DNA抽出は、細胞の核からDNAを分離するために使用される日常的な手順です
科学者はすぐに使えるDNA抽出キットを購入することができます。 これらのキットは、特定の細胞タイプやサンプルタイプからDNAを抽出するのに役立ちます。 しかし、日常的に使用するにはコストがかかるため、多くの研究室では独自のDNA抽出方法を採用しています
DNA抽出には何が必要か
ステップ1. DNAを抽出するために細胞を破壊する
サンプル中の細胞は、多くの場合、粉砕やボルテックスなどの物理的手段によって互いに分離され、塩を含む溶液に入れられます。 塩に含まれるプラスの電荷を帯びたナトリウムイオンは、DNAの骨格に沿って存在するマイナスの電荷を帯びたリン酸基を保護するのに役立ちます。
その後、洗剤を加えます。
次に洗剤を加え、細胞膜や核の脂質を分解します。
ステップ2. タンパク質や他の細胞の残骸からDNAを分離する
DNAのきれいなサンプルを得るためには、できるだけ多くの細胞の残骸を取り除くことが必要です。 これにはさまざまな方法があります。 多くの場合、プロテアーゼ(タンパク質酵素)を加えて、DNAに関連するタンパク質やその他の細胞タンパク質を分解します。
ステップ3. アルコールでDNAを沈殿させる
最後に、氷で冷やしたアルコール(エタノールまたはイソプロパノール)をDNAサンプルに注意深く加えます。 DNAは水には溶けますが、塩とアルコールの存在下では溶けません。 滅菌したピペットでアルコール層を静かにかき混ぜると、沈殿物が見えてくるので、これを巻き取ることができます。 DNAの量が多い場合は、糸状の白い沈殿物が見られることがあります。 DNAの洗浄
DNAサンプルは、さらに精製(洗浄)することができます。
ステップ5.
DNAの存在と品質の確認
さらなる実験のためには、DNAの濃度と品質を知ることが重要です。
分光光度計による光学的密度の測定は、サンプル中のDNAの濃度と純度を決定するために使用することができます。

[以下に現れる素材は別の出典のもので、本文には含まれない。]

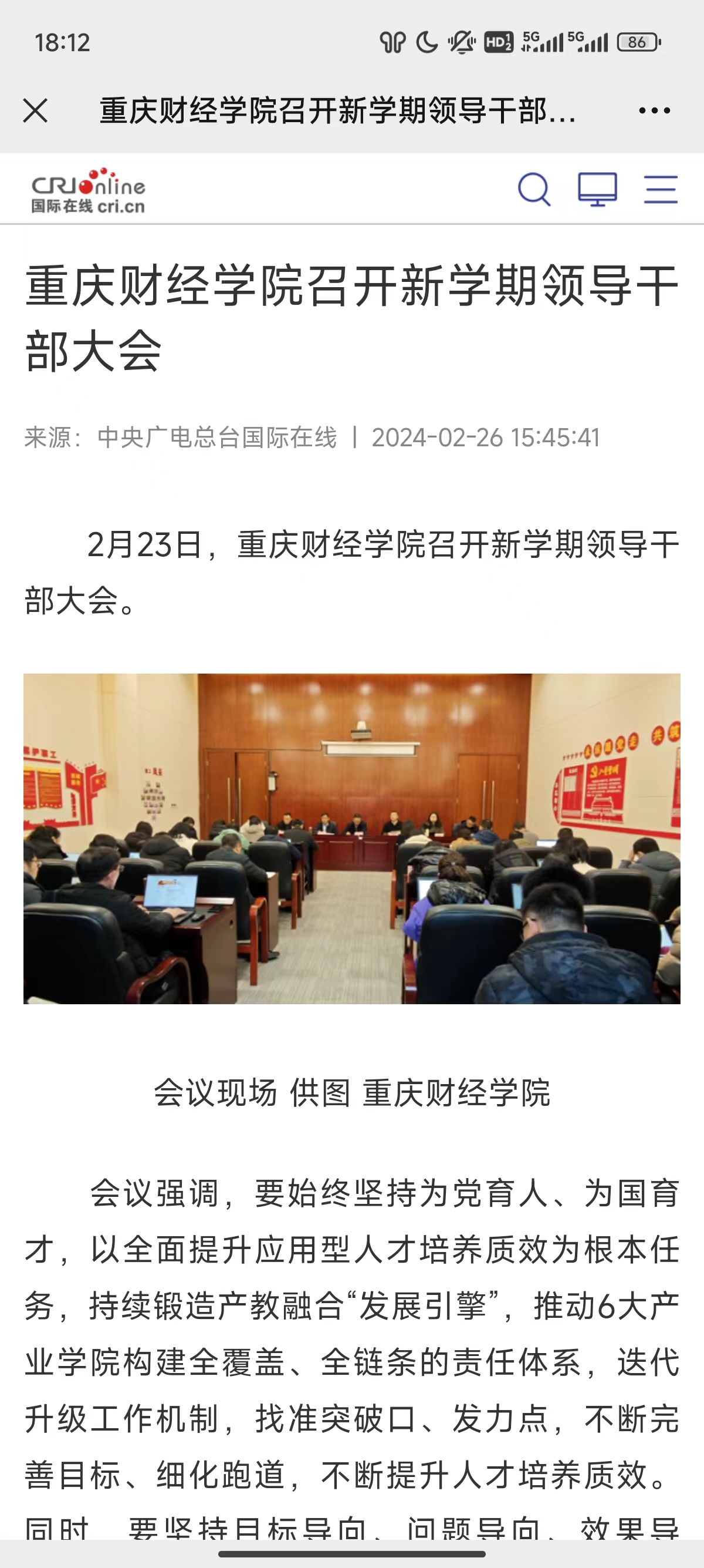 据了解,今年为学校建校23年,在所谓“体犹未壮”的阶段实现了从几人到上万师生、从校中院到独立扎根巴南并正大力拓展校区、从激烈竞争中取得“财经”的实力与特色“金名片”及内涵式发展的不断突破,成绩斐然,实属不易。当前,学校二期征地及新图书馆、校大门的建设正在实质性推进,薪酬改革也已基本敲定,面向“十五五”前瞻谋划高质量发展任务,不断深化综合改革,加强综合评价,总结提炼最佳实践,打造一批年度标志性成果,并以本科教学合格评估为契机,聚力推动学校实现跨越式发展。
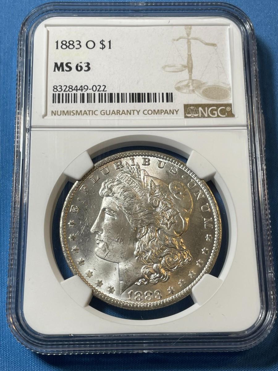 NGC CERTIFIED 1883-O MS63 GRADED MORGAN SILVER DOLLAR AS PICTURED. (COIN #022). $5 DOMESTIC SHIPPING.
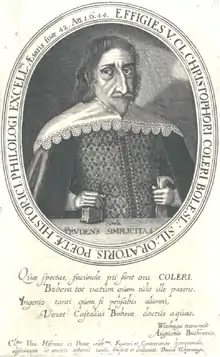 Christoph Köler or (in Latin), Christophorus Colerus (1 December 1602 in Bunzlau, Fürstentum Schweidnitz-Jauer - 19 April 1658 in Breslau) was a German poet and writer. A student of Martin Opitz (15971637) and follower of his Baroque poetical reforms,[1] Köler later revised his papers and published a biography of his teacher.[2] His most noted student was the German priest, and mystical poet Angelus Silesius (16241677).[3]
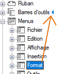 - Cliquez sur le signe plus (+) en regard de la barre d'outils qui contient la commande dont vous voulez modifier le texte de l'info-bulle.
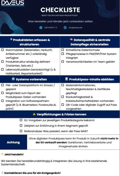 The digital product passport will become the basis for sustainability, transparency, and competitive advantages in the EU. Companies that act early will ensure compliance, avoid fines, and gain strategic advantages in the market.

分光光度計で光学密度を測定すると、サンプル中のDNAの濃度と純度がわかります。また、ゲル電気泳動を行うと、サンプル中のDNAの存在と品質がわかります。
このDNAは何に使用できますか
抽出されたDNAは、PCR、電気泳動、シーケンス、フィンガープリント、クローニングなどの分子分析に使用できます。